> TASK TO COMPLETE: Transcribe word for word the section of the records below that opens with the line containing "Figure 1. The" and closes with the line containing "Left: Ranunculus alpestris"; drop every picture.

───── DATA FOR THIS EXERCISE ─────

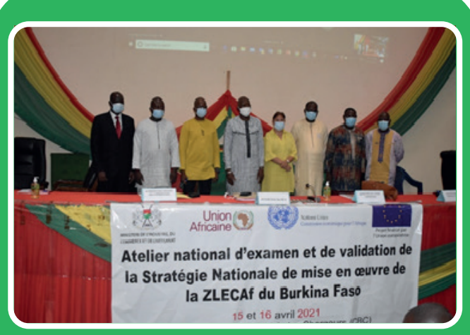
Validation of the AfCFTA national strategy of Burkina Faso
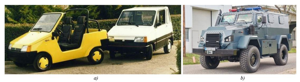
Figure 1. The Hungarian Puli small car (a) and Komondor military vehicle (b)

Before we examine the listed groups in more detail, it is worth considering the Hungarian aspects of the topic as well. Our country never achieved a world market role in the field of self-developed and mass-produced passenger car production, but we achieved outstanding economic results in the segment of truck and bus production, where the most important players in the domestic industry were Ganz, Rába and Ikarus.
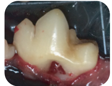
Furcation defect after cleaning and root planning
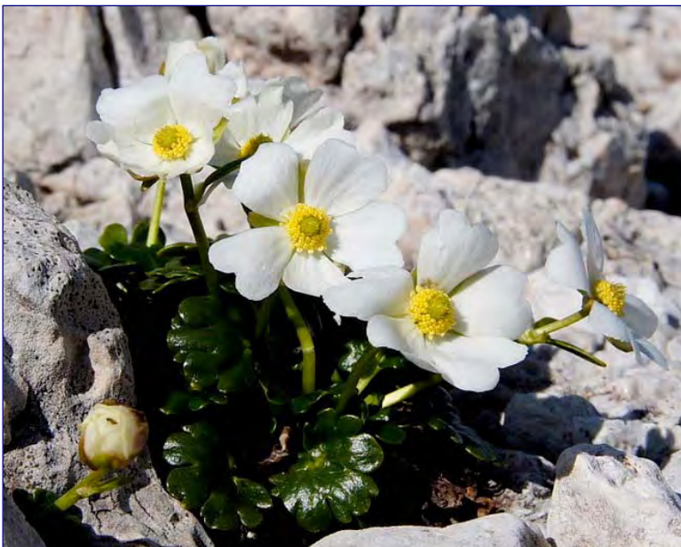
Left: Ranunculus alpestris

Primula tyrolensis found its home in a similar habitat, located in a safe north western position. The same species was in full bloom 800 metres higher up, showing intensive pink flowers over small rosettes. This Primula , almost as attractive as P. allionii , is easier outside in cultivation. In my climate it can be grown also in alpine house in a pot with very good drainage and occasional fungicide spray. Just 200 metres higher, not far away from San Martino, we saw hundreds of cushions of Eritrichium nanum growing on immense dolomitic boulders on huge screes.
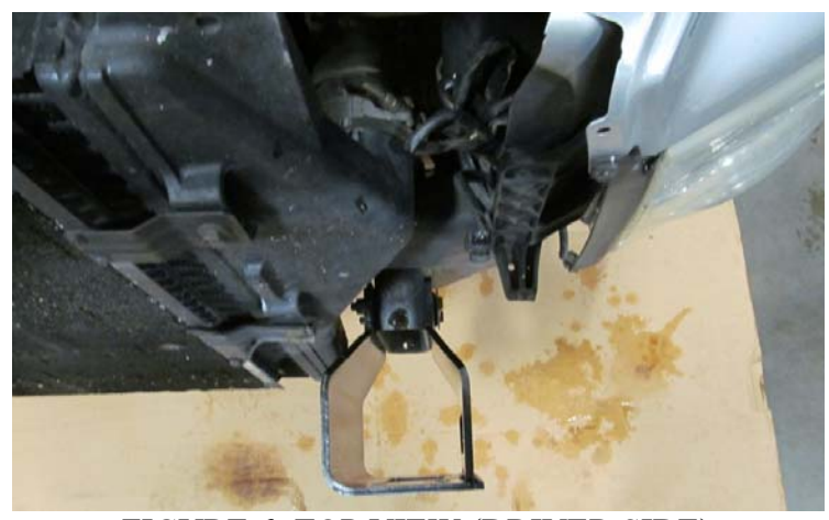
FIGURE 6: TOP VIEW (DRIVER SIDE)
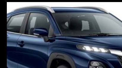
Celestial Blue Pearl Metallic
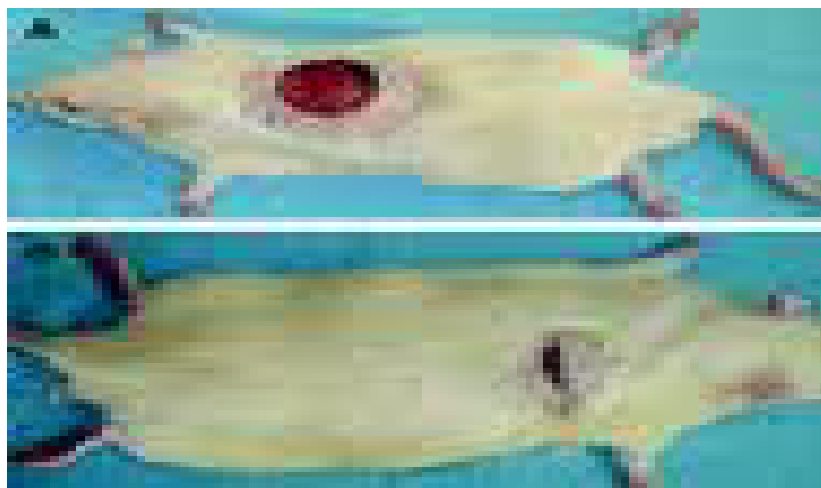
Figure 2. Before wound healing rat and after wound healing rat.
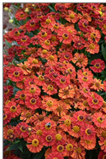
Mariachi Ranchera Sneezeweed flowers

Mariachi Ranchera Sneezeweed is recommended for the following landscape applications;
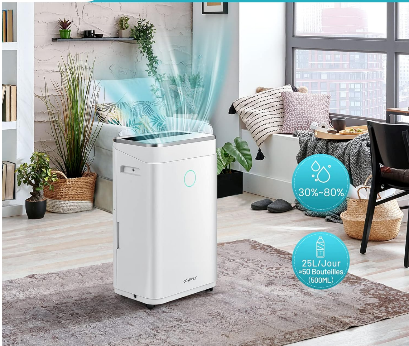
Image: The COSTWAY 25L/Day Dehumidifier operating in a living room, demonstrating its high efficiency in covering up to 50m 2 .

Déshumidificateur avec Haute Efficacité Zone de couverture : 30 m 2
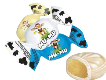
"Mu-mu" milk caramel
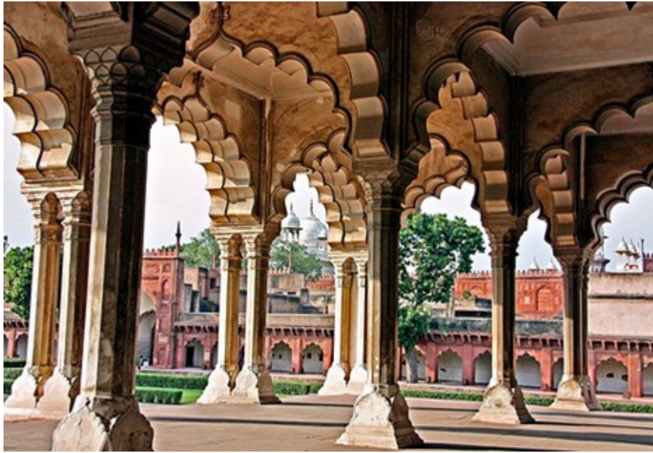
Audience Hall At The Red Fort Of Agra
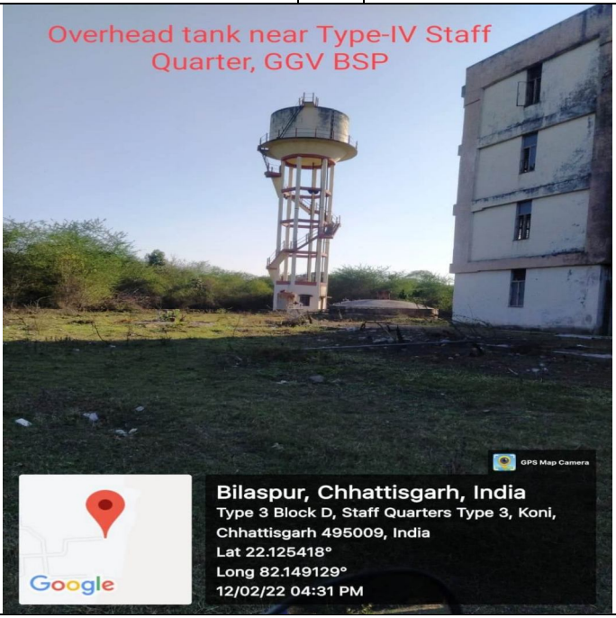
Near Type IV Staff Quarter
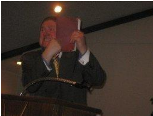
Jesus is same yesterday, today, and forever. The technology changes lots. His Word never changes.
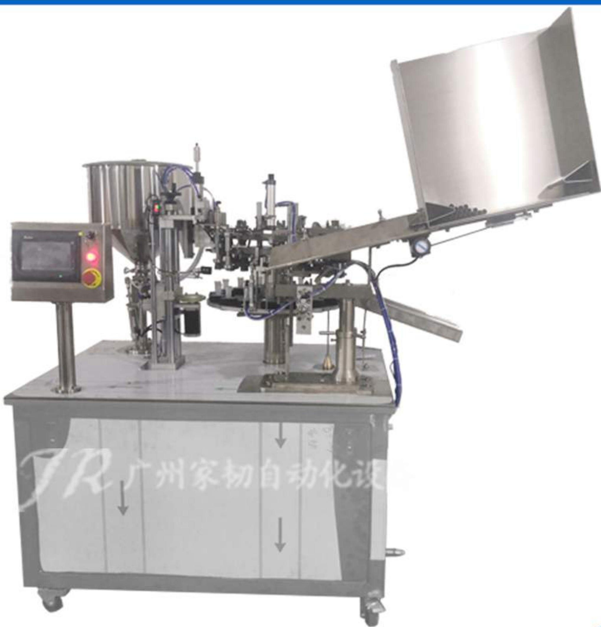
Automatic aluminum tube filling and sealing machine
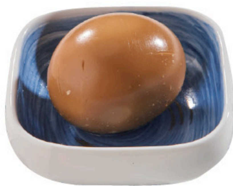
热卤蛋 Stewed Egg
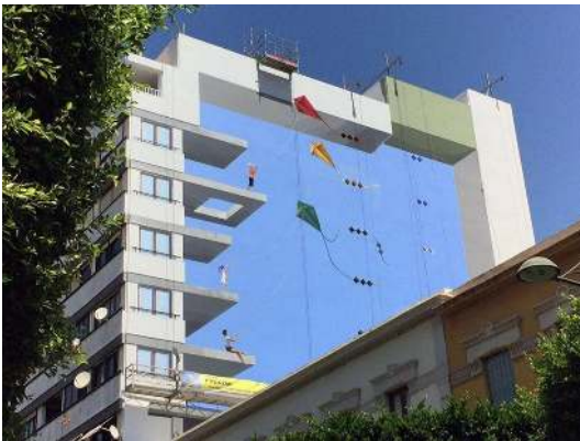
Fig. 16 - Flying kites (Volando cometas). After.

─────

> WRITTEN ANSWER:
Figure 1. The Hungarian Puli small car (a) and Komondor military vehicle (b)

Before we examine the listed groups in more detail, it is worth considering the Hungarian aspects of the topic as well. Our country never achieved a world market role in the field of self-developed and mass-produced passenger car production, but we achieved outstanding economic results in the segment of truck and bus production, where the most important players in the domestic industry were Ganz, Rába and Ikarus.
Furcation defect after cleaning and root planning
Left: Ranunculus alpestris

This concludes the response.